Mirko Pieri

Personal information
- Date of birth: 24 July 1978 (age 47)
- Place of birth: Grosseto, Italy
- Height: 1.83 m (6 ft 0 in)
- Position(s): Left back; left winger;

Youth career
- Grosseto

Senior career*
- Years: Team / Apps / (Gls)
- 1995–2000: Grosseto / 150 / (3)
- 2000–2001: Perugia / 33 / (0)
- 2001–2006: Udinese / 90 / (1)
- 2006–2009: Sampdoria / 87 / (0)
- 2009–2012: Livorno / 53 / (0)
- 2014–2015: Camaiore / 34 / (0)

Managerial career
- 2013–2014: Grosseto (Allievi Nazionali)
- 2016–: Capezzano (Giovanissimi Elite)

= Mirko Pieri =

Italian footballer and manager

Mirko Pieri (born 24 July 1978) is an Italian football manager and former player, who played as a defender or midfielder.

==Playing career==
Pieri joined Sampdoria in July 2006 along with Fabio Quagliarella, as part of the deal to sign Salvatore Foti.
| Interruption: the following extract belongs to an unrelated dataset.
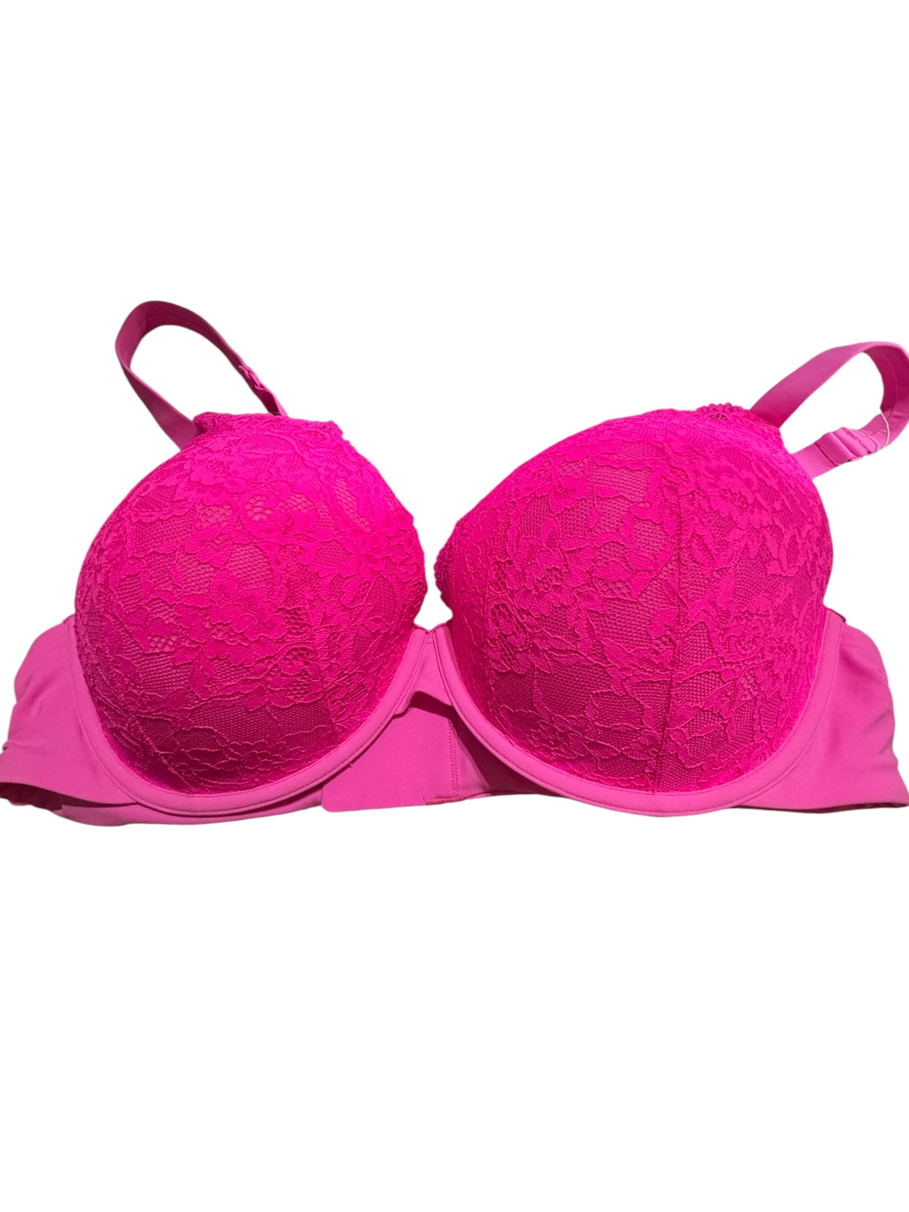 FITS EVERYBODY LACE UP DEMI BRA PUSH UP IN NEON PINK

In June 2008 Sampdoria acquired Pieri outright.

Pieri was then signed by Livorno in July 2009 for €300,000.

Pieri had a trial at the English Football League Championship club Middlesbrough F.C. in 2010, but Boro boss Gordon Strachan stated on the club's official website that Pieri will not be offered a deal.

==Style of play==
Primarily a left-sided attacking full-back or wing-back, Pieri was also capable of playing in a more advanced midfield role as a winger, on either flank, due to his dynamism, work-rate, energy, and tactical versatility, and was effective both offensively and defensively.